Яга замедлила дыхание.
— Но ты не потеряла Диму, Маша, — сказала она наконец, протягивая руку и проводя кончиками пальцев по щеке дочери. — Ты отдала его. Ты выбрала меня.
Марья не ответила.
— Ты выбрала меня, а не свою любовь к нему, и я не забываю об этом, — заверила Яга. — Но что касается Саши…
— Не имеет значения, забрали Льва Фёдорова или отказались от него, — твёрдо сказала Марья. — У Саши нет причин отклоняться от твоей стороны.

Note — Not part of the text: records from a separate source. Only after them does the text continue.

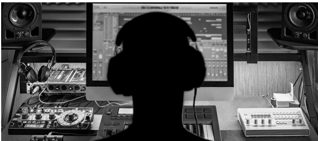
ภาพที่ 6.6 การตัดต่อ

หมายถึง การนำเรื่องราวแต่ละภาพแต่ละตอนที่ได้ถ่ายทำไว้มาคัดเลือกและจัดลำดับภาพให้สอดคล้องกัน สร้างความสัมพันธ์ขององค์ประกอบทั้งหมดของเรื่อง
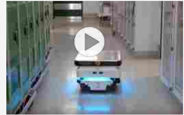
Robot mobili autonomi MiR, automazione sicura negli ospedali
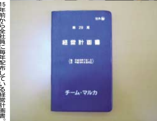
15年前から全社員に毎年配布している経営計画書。朝礼で繰り返し読み、方針を徹底させる。
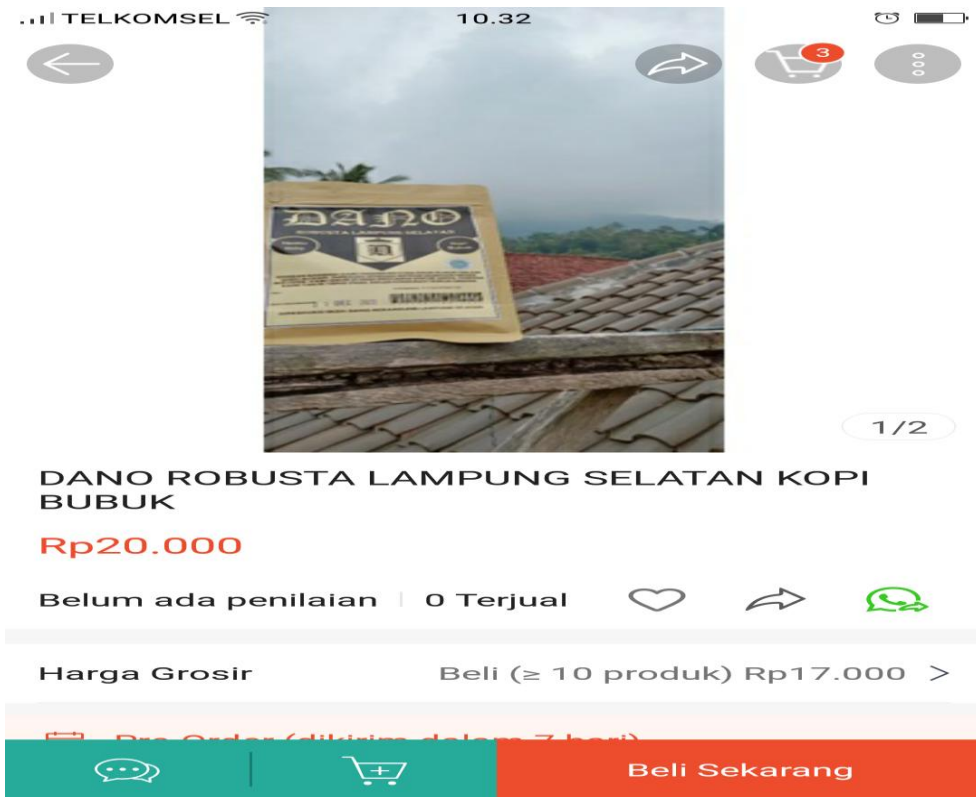
Gambar 6. Membantu mempromosikan kopi melalui media social
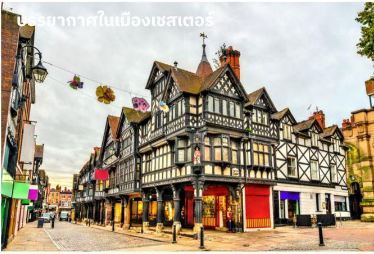
บรรยากาศในเมืองเชสเตอร์

จากนั้นนำท่านเดินทางสู่ เมืองเชสเตอร์ (Chester) ใช้เวลาเดินทางประมาณ 1 ชั่วโมง เชสเตอร์เมืองเก่าที่ค้นพบโดยชาวโรมันเมื่อประมาณ 2,000 ปีมาแล้ว นำท่านผ่านชมตัวเมืองอันสวยงาม ทางตอนเหนือของแคว้นเวลส์ ลักษณะของสถาปัตยกรรมของอาคารบ้านเรือนเป็นแบบทิวดอร์ อันเป็นเอกลักษณ์เฉพาะของที่นี่โครงสร้างตึกและบ้านเรือนที่จะทำจากไม้และทาสีขาวดำซึ่งจะเห็นได้ทั่วไปแทบจะทุกถนน ซึ่งเสริมให้บรรยากาศของเมืองนี้มีเสน่ห์ และแฝงความน่ารักเอาไว้ นอกจากนี้ตึกบางแห่งยังเป็นตึกเก่าแก่ตั้งแต่สมัยปี ค.ศ.1488 อีกด้วย
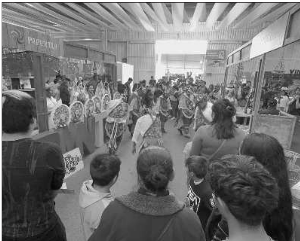
▲ Participaron 346 expositores en los stands, 442 maestras y maestros artesanos, 40 cocineras tradicionales, así como 25 médicos ancestrales de ocho entidades del país.

“Se trató del primer Tianguis de Pueblos Mágicos incluyente, en donde nadie se quedó atrás y nadie se quedó afuera”, afirmó el subsecretario de la Sectur.
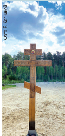
Поклонный крест, установленный рядом с местом, где будет возведен новый храм

Продолжается Петров пост. В этом году он начался 8 июня. Начало Петрова поста всегда приходится на понедельник, через неделю после праздника Троицы. Длиться он может от 8 до 42 дней. Заканчивается всегда 12 июля, в день памяти святых первоверховных апостолов Петра и Павла. В честь этого праздника пост и именуется Петровым или Апостольским. И в честь святых первоверховных апостолов Петра и Павла начато строительство храма в городе Радужном.
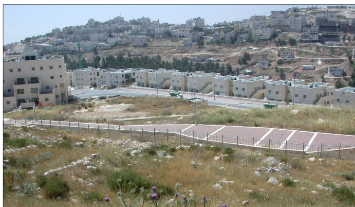
הקשר סביבתי : סמיכות לשצי"פ.
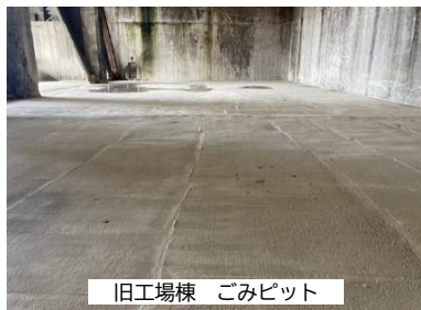
① 洗浄水浸透防止対策
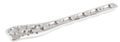
Placa Philos Bloqueada
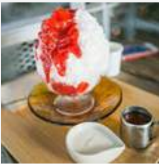
Ichigo and Yogurt

ในปี 2558 เมื่อน้ำแข็งไส คากิโกริ ที่ให้บริการในร้าน อาฟเตอร์ ยู ได้รับความนิยมและผลตอบรับที่ดีจากผู้บริโภคเป็นอย่างมาก จนได้รับการบรรจุเป็นเมนูหลักของร้าน ในปี 2559 บริษัทฯ ได้เห็นโอกาสทางธุรกิจในการขยายฐานผู้บริโภค บริษัทฯ จึงได้ขยายสายผลิตภัณฑ์สู่ร้านน้ำแข็งไสภายใต้ชื่อ “ เมโกริ “ ซึ่งร้านน้ำแข็งไสนี้มีแนวทางการตกแต่งร้านที่ให้บรรยากาศแบบสบายเป็นกันเอง ทำให้ผู้บริโภครู้สึกผ่อนคลายเหมือนอยู่บ้าน ด้วยแนวคิดของร้านน้ำแข็งไสที่เป็นของหวานคู่กับเขตเมืองร้อนของประเทศไทย กลุ่มผู้บริโภคจึงมีความหลากหลายไม่ใช่เพียงแค่กลุ่ม นักเรียน นักศึกษา คนทำงาน เท่านั้น แต่ครอบคลุมไปถึงกลุ่มแม่บ้าน ไปจนถึงผู้สูงอายุ ซึ่งมีผลิตภัณฑ์เป็นน้ำแข็งไสหลากหลายเมนูที่ถูกเลือกสรรพิเศษ อาทิ Ichigo and yogurt, Mont Blanc Chestnut, Hojicha, Ume เป็นต้น
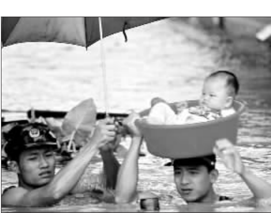
解放军官兵让一条幼小的生命获得了新生

历史记忆:1998年夏季,中国发生了百年不遇的特大洪水。特别是长江发生了自1954年以来的又一次全流域性特大洪水,东北嫩江、松花江也爆发了超历史纪录的特大洪水。据不完全统计,全国受灾面积3亿多亩,受灾人口2.2亿,直接经济损失2000亿元人民币。 国家及时作出了“严防死守,确保大堤安全,确保重要城市安全,确保人民生命安全”的指示,命令解放军全力支持抗洪抢险。近30万解放军和武警官兵火速赶往灾区,同沿江数百万干部群众一起日夜奋战,与洪水展开殊死搏斗。解放军官兵“人在堤在,誓与大
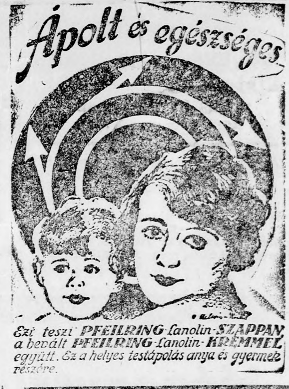
Ezt teszi PFEILRING Lanolin-SZAPPAN a bevált PFEILRING Lanolin-KRÉMEL együtt. Ez a helyes testápolás anyja és gyermeke részére.

Kisanyád mult év április elején elhagyott és azóta Te nélkülöd is, magányban remeteéletet élek, aki Téged imád, sok éj-
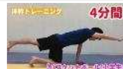
体幹トレーニング
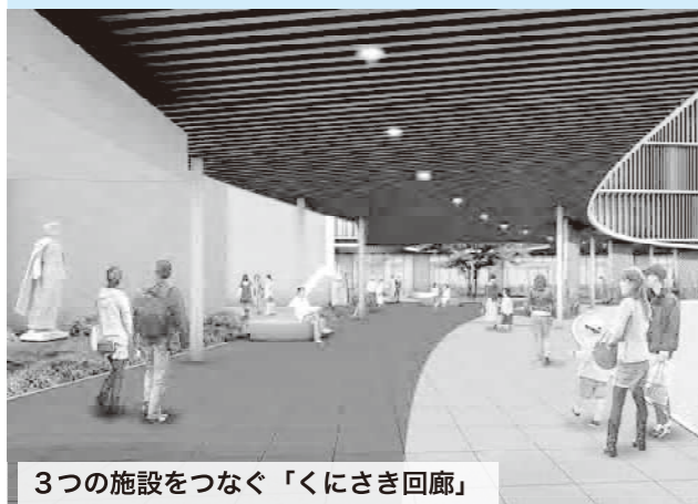
3つの施設をつなぐ「くにさき回廊」

大きな屋根がつながる「くにさき回廊」は、安全な歩行通路、車寄せのほか、さまざまなイベント会場としても利用できます。
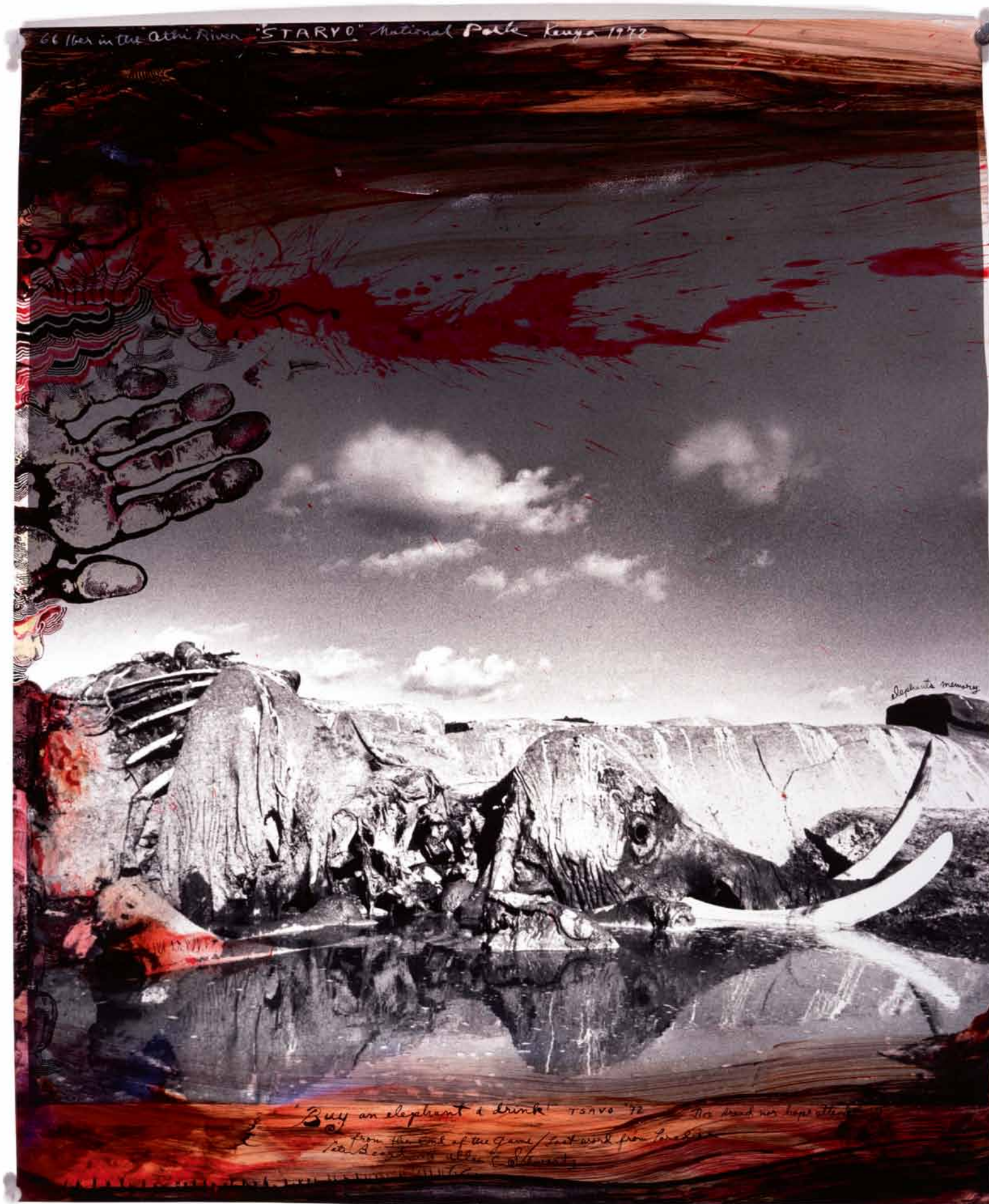
TSAVO NASJONALPARK, KENYA, 1968. Døde elefanter og blod er to sentrale arbeidsverktøy for fotografen, kontroversskaperen, playboyen og kunstneren Peter Beard. Helt siden han tok båten fra hjembyen New York og ankom Afrika på 1950-tallet har han vært oppslukt av afrikansk liv og levnad.
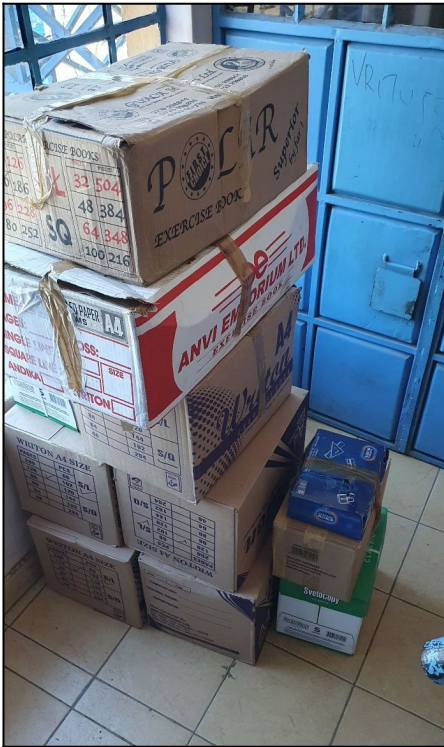
Skolske pomocky od nasich dobrodincov
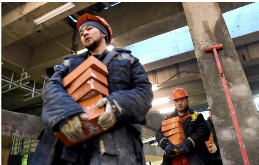
Кількість мігрантів у Росії сягає 20 млн осіб

👍 0 👍 0 ЧИТАТИ НОВИНУ РОСІЙСЬКОЮ 👁️ 19519

Или от твоих взглядов.
Яга осторожно кивнула, убирая волосы с лица Марьи.
— Саша всегда была самой упрямой из моих дочерей, — задумчиво произнесла она. — Ты сама сомневалась, что она готова, не так ли, Машенька?
— Я не сомневалась в ней, — ответила Марья. — Я просто не хотела такой жизни для неё.
— А теперь? — подтолкнула её Яга.
— А теперь я знаю, что это единственная жизнь, которая возможна для нас всех, — сказала Марья. — Тот, кто обещает другое, или дурак, или лжец.
«Или Дима,» — подумала она, — «который вполне может быть и тем, и другим.»
Трудно было сказать, была ли эта реплика тем, что Яга хотела услышать. Она была сложной женщиной, ее трудно было понять, и даже смерть, которая, казалось, многое прояснила, не сделала её намерения более очевидными для Марьи. Но одно Марья знала наверняка: в самые важные моменты она никогда не оставляла свою мать. И когда это действительно имело значение — когда даже мысль о другом исходе была немыслимой — её мать тоже не покинула её. После всего, что Марья Антонова уже потеряла, она не собиралась отворачиваться от матери и не позволила бы Саше поступить иначе.